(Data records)
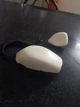 Cornetta di ricambio per telefono fisso, dal design retrò. NON TESTATO - Colore bianco avorio. - Cavo a spirale incluso.
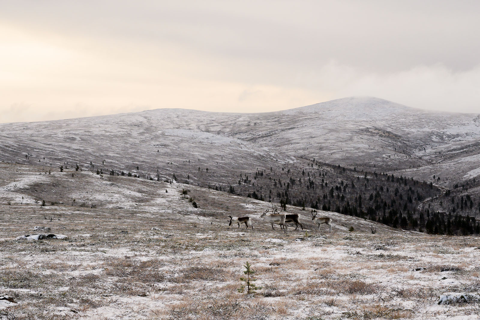 Laitan vielä ekstarana tähän kuvan lumisen aamun vaelluksesta Pälkkimäpäältä, jossa neljä poroa tuli meitä tervehtimään. Kuvassa näkyy myös luminen tunturimaisema, joka sai vaellussuunnitelmamme muuttumaan.
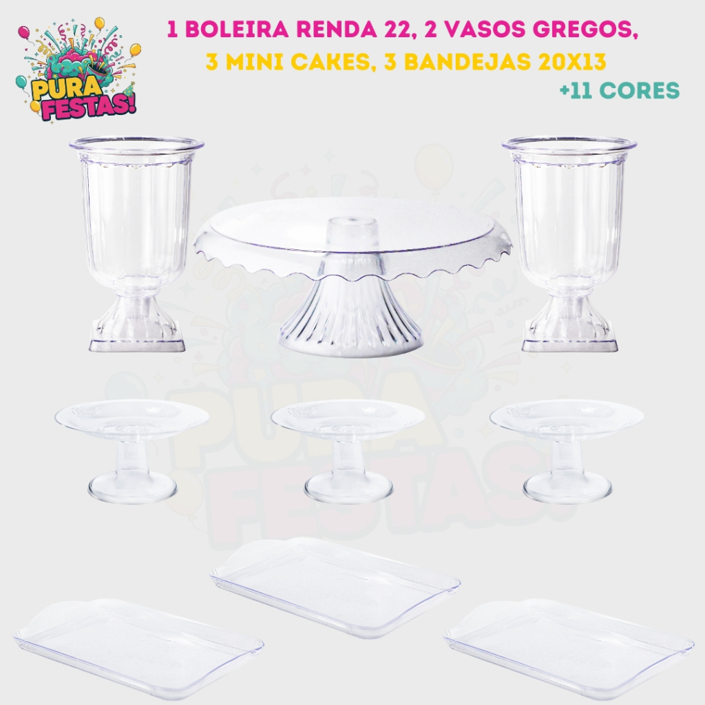 Comprar na ShopeeKit Festa - 1 Boleira Renda 22, 2 Vasos Gregos, 3 Mini Cakes, 3 Bandejas 20X13 - Diversas Cores
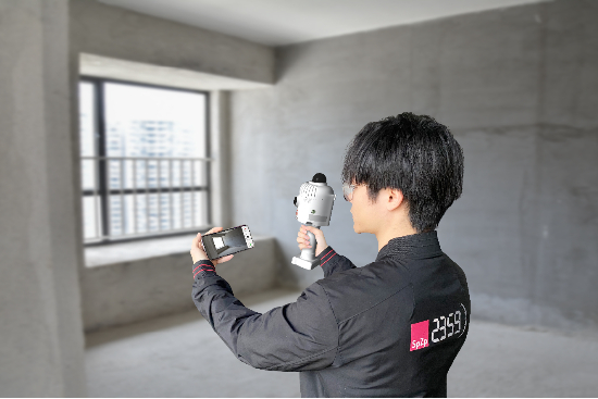 (设计师正在使用3D信息自动采集量房设备)
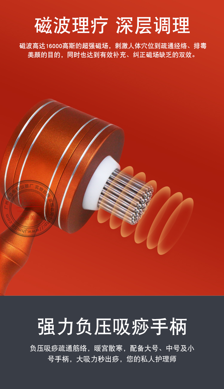 探頭數(shù)量:磁能按摩手柄*2 負(fù)壓探頭*3
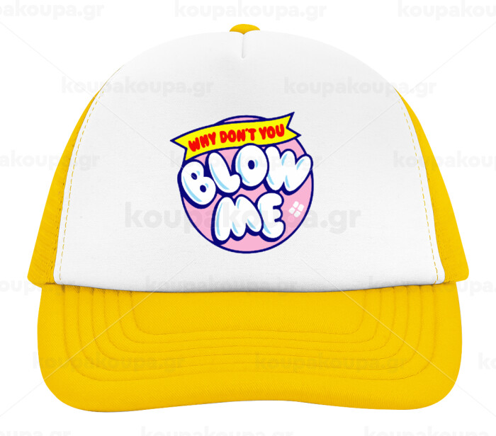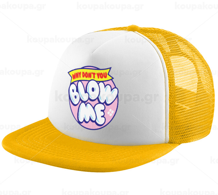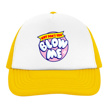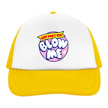 Why Don't You Blow Me Funny, Adult Soft Trucker Hat with Yellow/White Mesh (POLYESTER, ADULT, UNISEX, ONE SIZE)
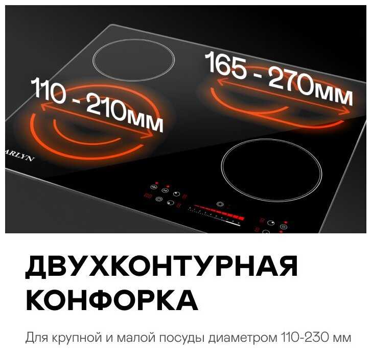 Одним из основных преимуществ панели является ее мощность в 6600 Вт, что позволяет быстро и эффективно готовить пищу. Конфорки двухконтурные, что делает использование панели еще более удобным и позволяет готовить на двух разных температурах. Также устройство оснащено 9 уровнями мощности, что позволяет точно настроить температуру для любого вида блюд.
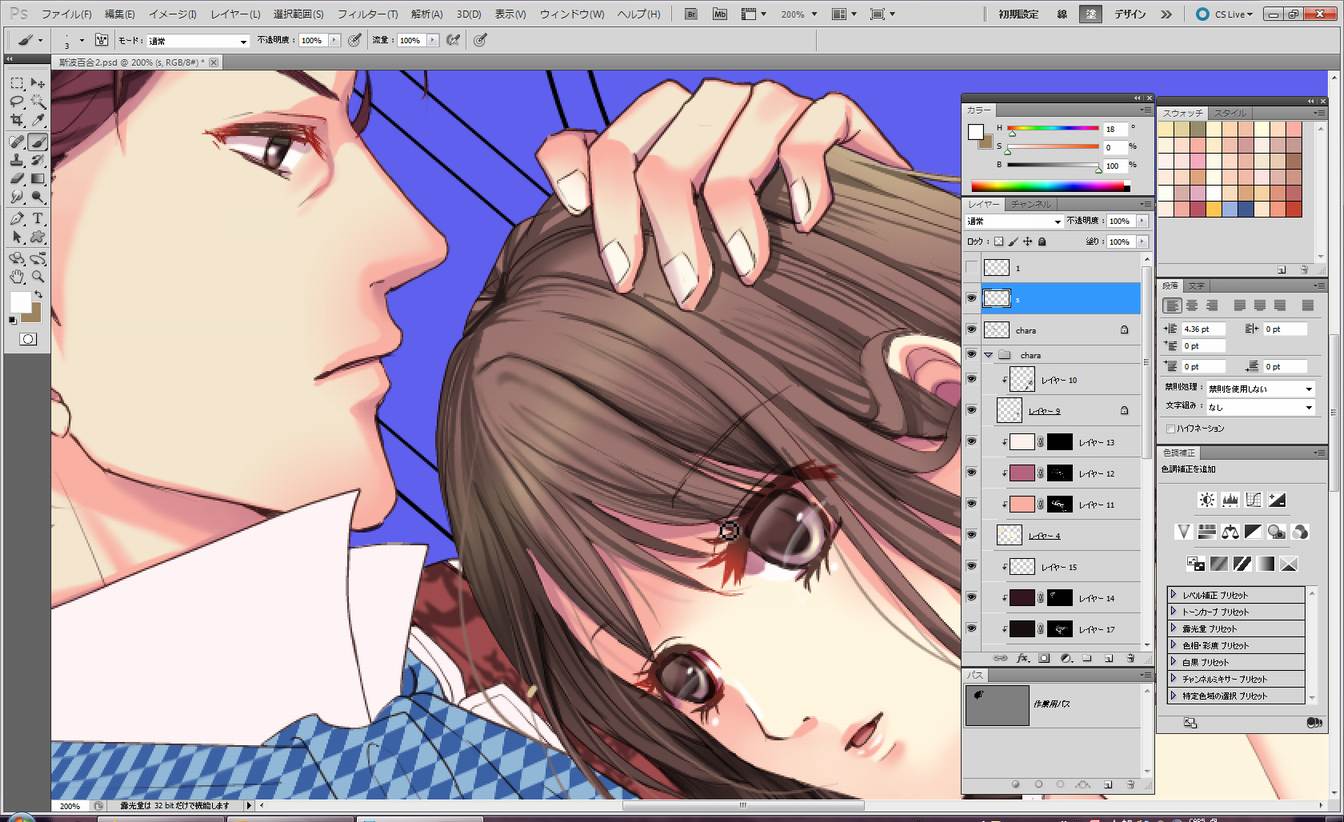 以前も、乗算、覆い焼きなどは使用禁止!彩色はHSBのみで選択という自己規制で絵書いてました。どうもやりすぎる感があるようで。
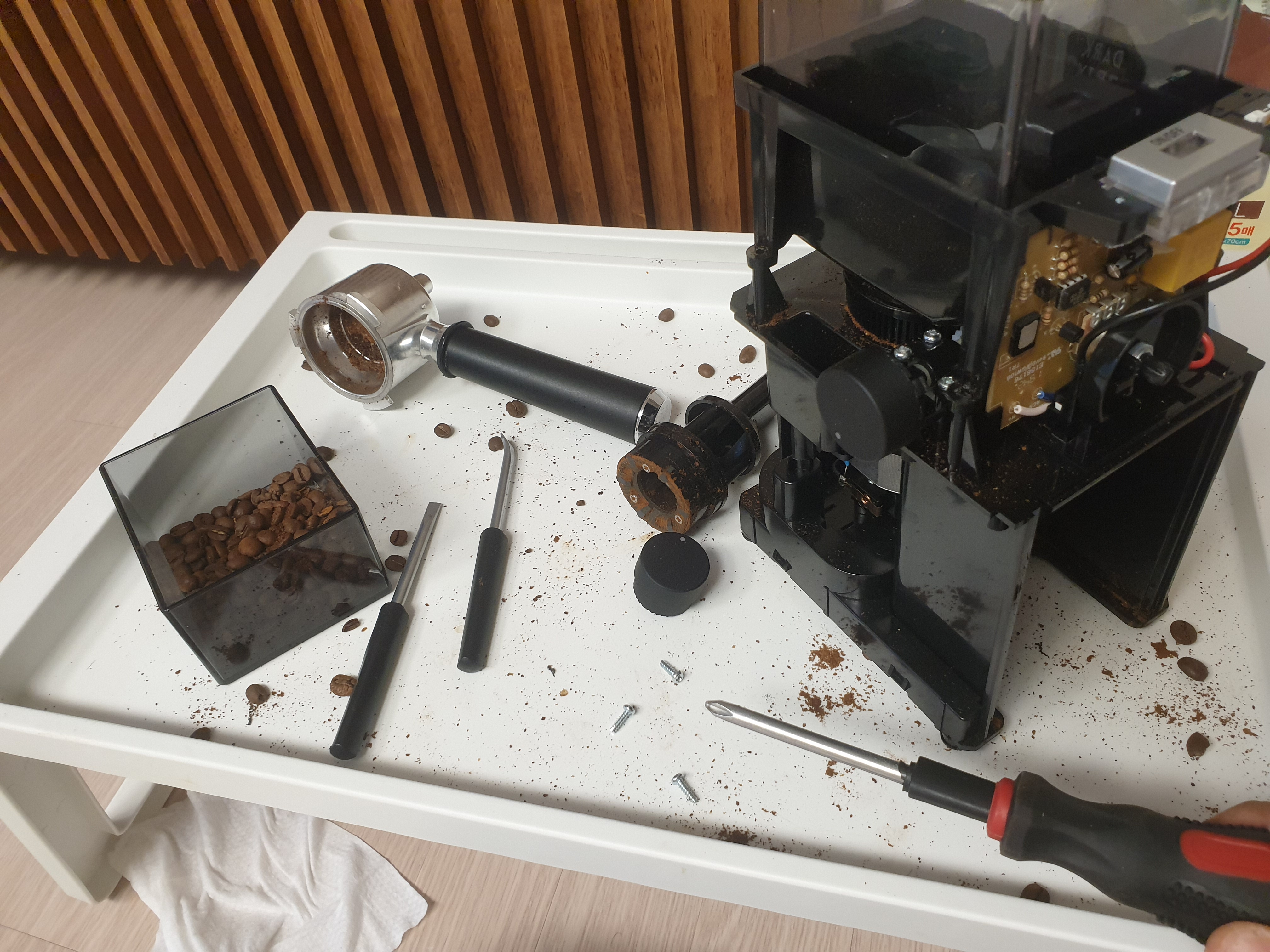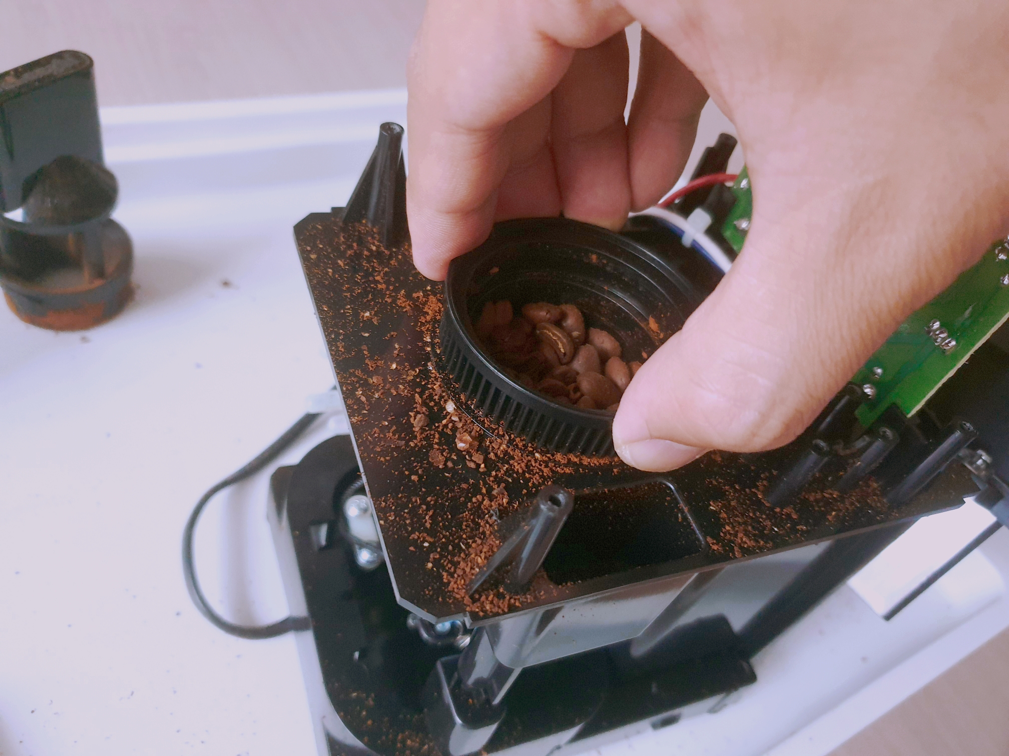 13. 분리해주면 안에 이미 투입되어있던 원두가 많이 들어있었다. 임시로 제거해준다.

### Work order
Please output all of the entries above exactly, but without any picture.

### Output for this task
 Cornetta di ricambio per telefono fisso, dal design retrò. NON TESTATO - Colore bianco avorio. - Cavo a spirale incluso.
 Laitan vielä ekstarana tähän kuvan lumisen aamun vaelluksesta Pälkkimäpäältä, jossa neljä poroa tuli meitä tervehtimään. Kuvassa näkyy myös luminen tunturimaisema, joka sai vaellussuunnitelmamme muuttumaan.
 Comprar na ShopeeKit Festa - 1 Boleira Renda 22, 2 Vasos Gregos, 3 Mini Cakes, 3 Bandejas 20X13 - Diversas Cores
 (设计师正在使用3D信息自动采集量房设备)
 探頭數(shù)量:磁能按摩手柄*2 負(fù)壓探頭*3
 Why Don't You Blow Me Funny, Adult Soft Trucker Hat with Yellow/White Mesh (POLYESTER, ADULT, UNISEX, ONE SIZE)
 Одним из основных преимуществ панели является ее мощность в 6600 Вт, что позволяет быстро и эффективно готовить пищу. Конфорки двухконтурные, что делает использование панели еще более удобным и позволяет готовить на двух разных температурах. Также устройство оснащено 9 уровнями мощности, что позволяет точно настроить температуру для любого вида блюд.
 以前も、乗算、覆い焼きなどは使用禁止!彩色はHSBのみで選択という自己規制で絵書いてました。どうもやりすぎる感があるようで。
 13. 분리해주면 안에 이미 투입되어있던 원두가 많이 들어있었다. 임시로 제거해준다.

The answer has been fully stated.